Market consolidation and increasing competition are two of the largest trends currently observed in the money transfer industry, Orozco explained. Dinkins and Nigro echoed these findings, highlighting the benefits that competition brings to the market. Over the last 10 years, prices have decreased which has in turn benefited consumers and increased company efficiency, Dinkins argued. Moreover, the end of certain exclusivity agreements has increased competition on the payout side, Villalobos noted.
Many of the speakers addressed the prospects for growth. Villalobos argued that future growth would likely come from other financial services and products. Kow described the introduction of tailor made products, such as directly transferring money to pay for mortgages, as a promising new area. Growth will come from nontraditional markets, Nigro agreed. While some spoke of mobile-to-mobile growth, Schartzman took a more conservative approach, suggesting that, while mobile will grow, people still enjoy having the money in their hands. Span noted that 90% of the global payments today are still made in cash. The success of new, more highly technological products, she argued, would only come to the extent that they can be smoothly integrated into the lives of populations who are financially excluded.

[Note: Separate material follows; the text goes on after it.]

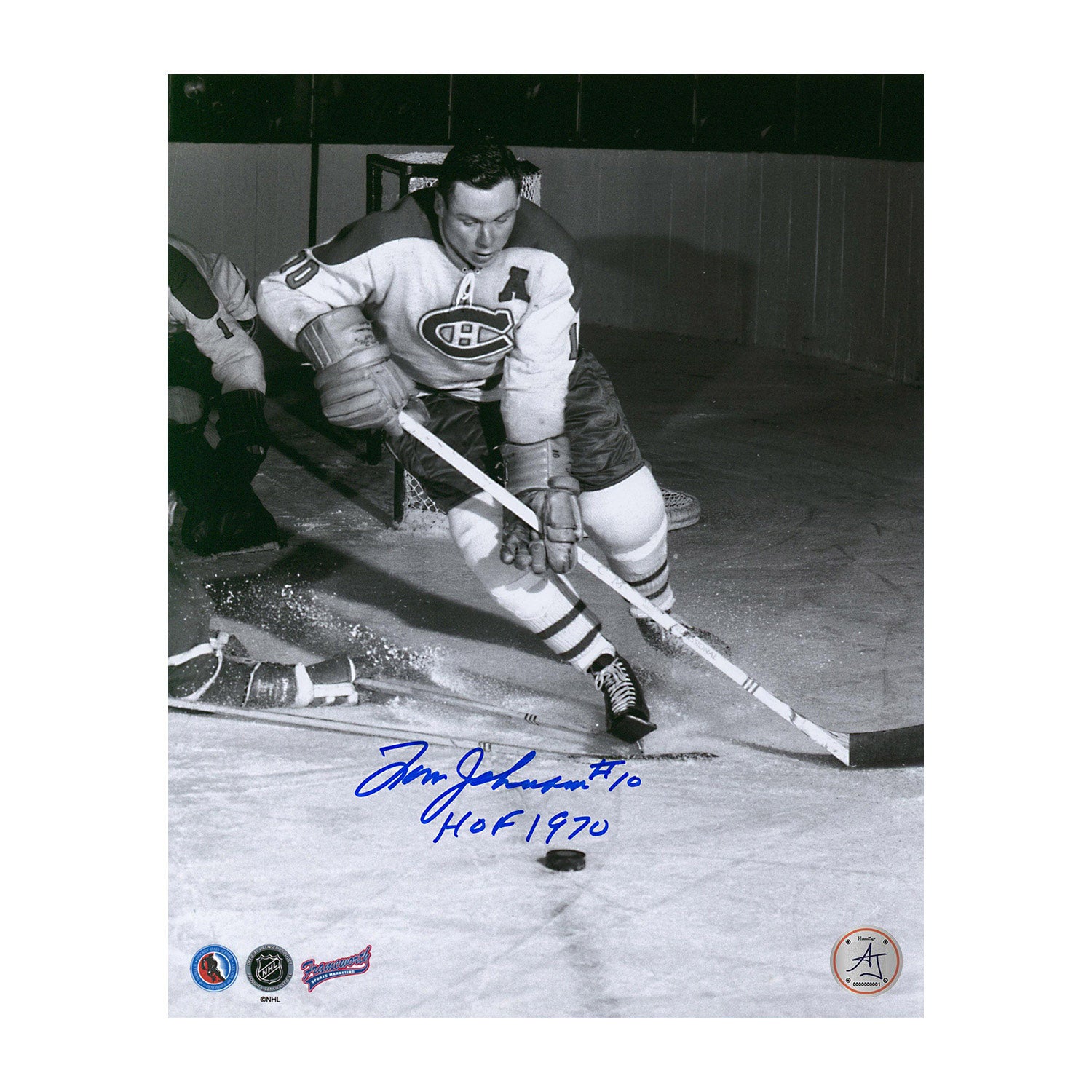 Tom Johnson Signed Montreal Canadiens Black & White 8x10 Photo with Note

Another major and continued trend the industry is facing is bank account closures. Both large and small banks continue to close accounts, making it difficult for money transfer companies to maintain the accounts they need to function. According to Paul Dwyer, large banks face an image risk from an industry that generally receives negative attention from the media. Small banks, he continued, have been discouraged by regulators from holding accounts of remittance companies on the presumption that remittance companies have insufficient infrastructure in place to ensure standards are met. Given these dynamics, it has become a challenge for remittance companies to maintain access to bank accounts.
In the remittance industry, the importance of public relations cannot be overlooked, Kow noted. It is an issue that must be addressed, both by individual companies and by industry as a whole. Schwartzman agreed, suggesting that “if you take one thing away from this event, let it be ceasing to use the term Money Service Business (MSB).” Instead, the companies in the industry should be referred to as Licensed Remittance Companies (LRCs), reflecting their reliability and adherence to regulations. LRCs, Schwartzman continued, offer important services to a segment of the population that is too often ignored.